All pictures are to be dropped, and the remaining data set down exactly.
━━ Source data
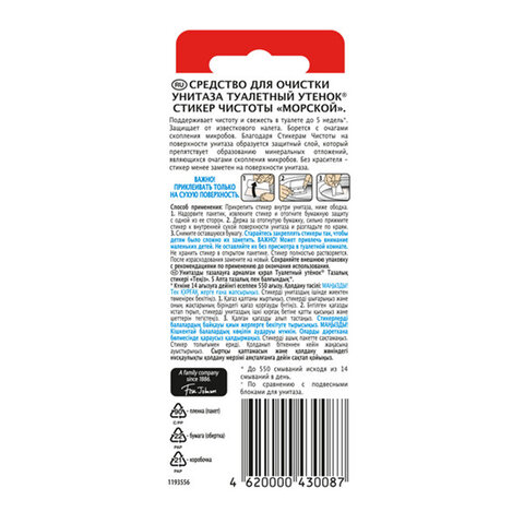 Освежитель/очиститель для унитаза/писсуара ТУАЛЕТНЫЙ УТЕНОК "Морской" поддерживают чистоту и свежесть в туалете до 5 недель. Защищают от известкового налета, борются с очагами скопления микробов. Не нужно заменять и прикасаться к грязным блокам.
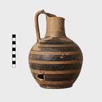 | Description: | Mouth, chips and inside of foot missing. Mended from many fragments. Neck with maeander and zigzag. Body glazed with groups of reserved bands. Handle with herringbone laddered above and below. Peeling dull blue-black glaze. Cf. Hesperia 68 (1999), p. 262, n. 109 | |
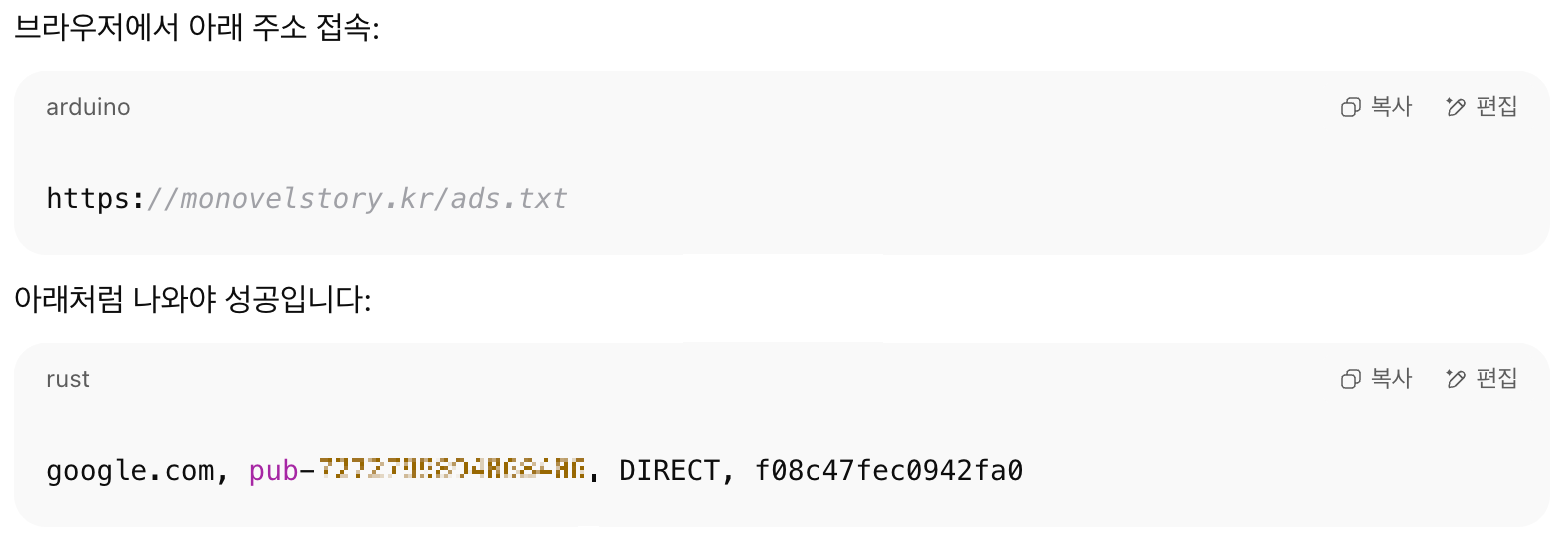 ✅ 3단계: 구독자 본인 블로그 주소/ads.txt 연결 설정
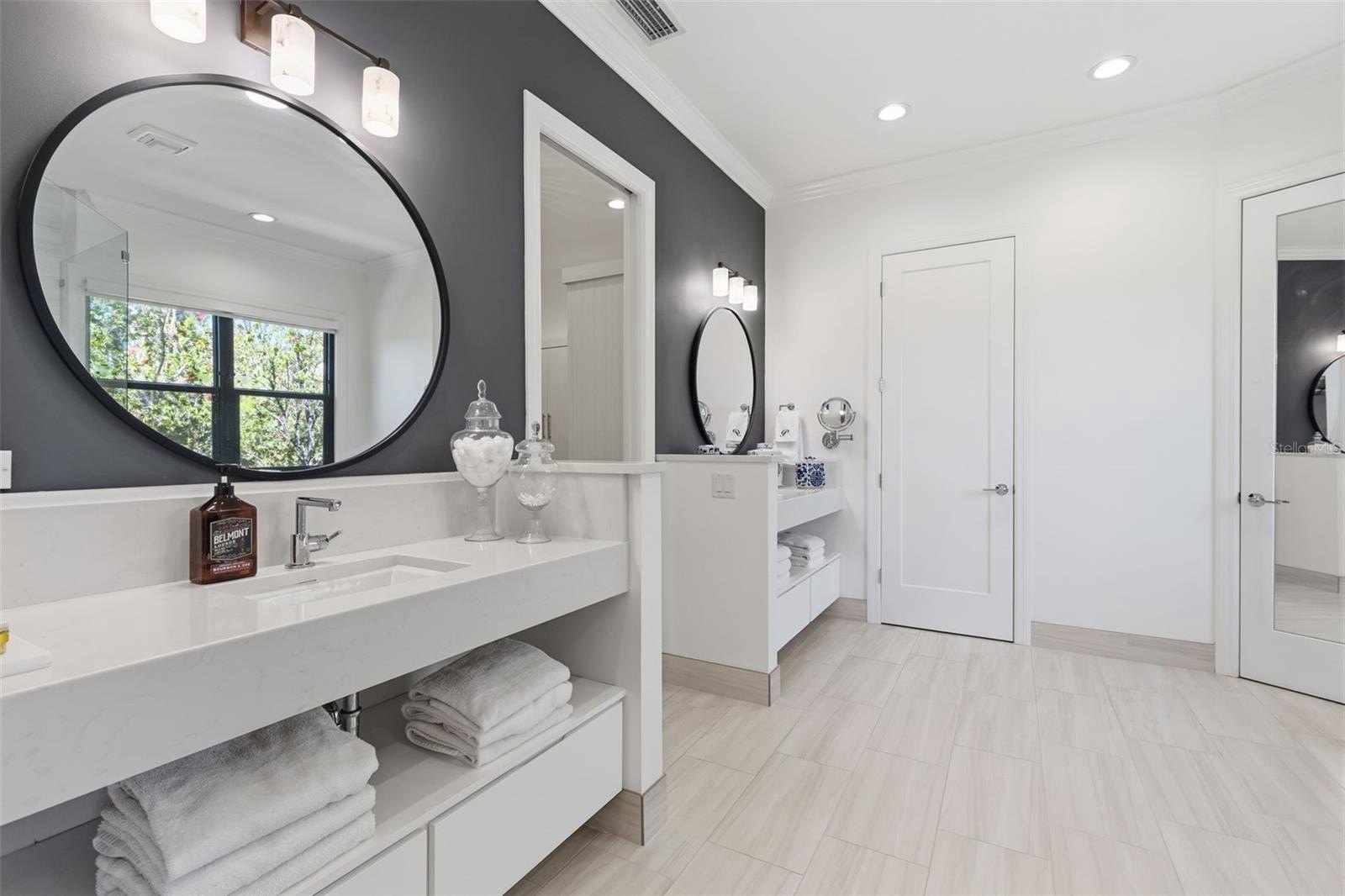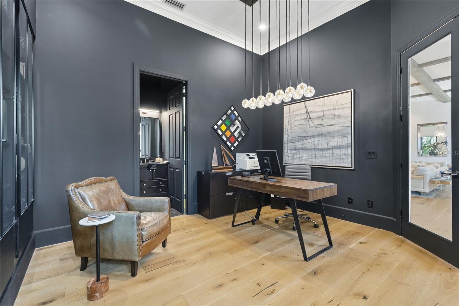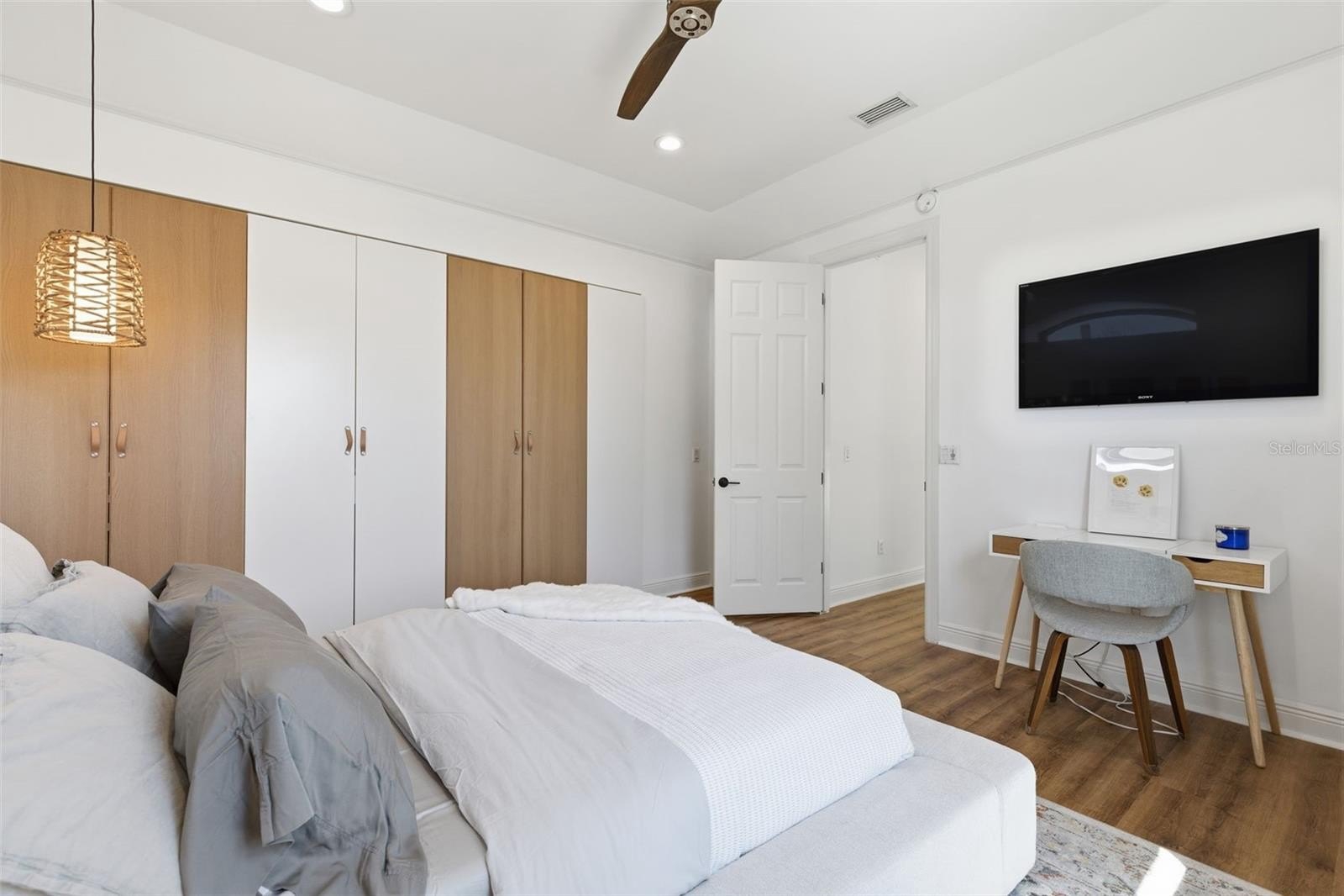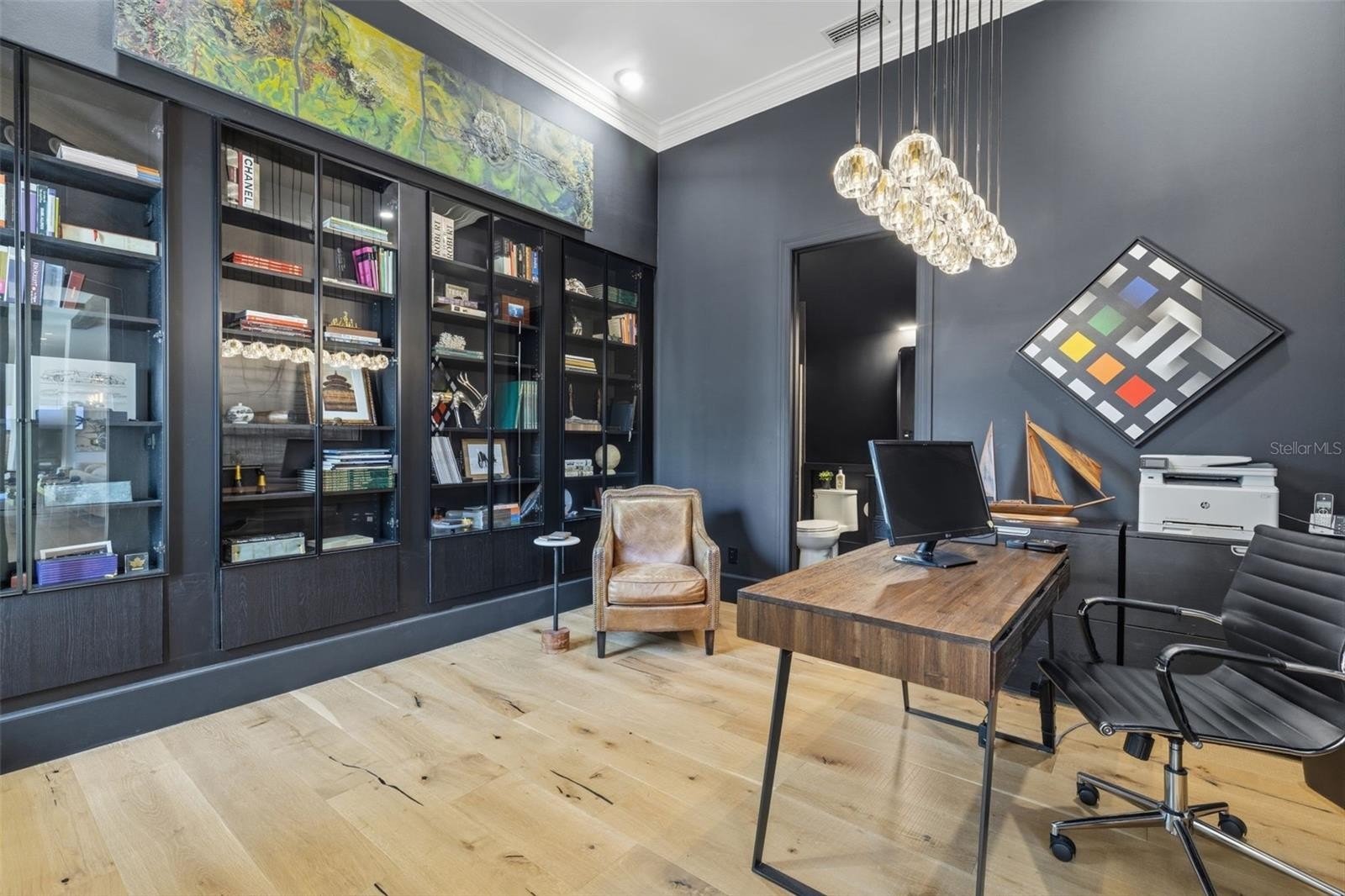 The guest room is located on the first floor and is currently used as an office. It displays built-ins, ensuite bath and walking closet, offering both comfort and flexibility.
━━━━
Output of the task:
 Освежитель/очиститель для унитаза/писсуара ТУАЛЕТНЫЙ УТЕНОК "Морской" поддерживают чистоту и свежесть в туалете до 5 недель. Защищают от известкового налета, борются с очагами скопления микробов. Не нужно заменять и прикасаться к грязным блокам.
 | Description: | Mouth, chips and inside of foot missing. Mended from many fragments. Neck with maeander and zigzag. Body glazed with groups of reserved bands. Handle with herringbone laddered above and below. Peeling dull blue-black glaze. Cf. Hesperia 68 (1999), p. 262, n. 109 | |
 ✅ 3단계: 구독자 본인 블로그 주소/ads.txt 연결 설정
 The guest room is located on the first floor and is currently used as an office. It displays built-ins, ensuite bath and walking closet, offering both comfort and flexibility.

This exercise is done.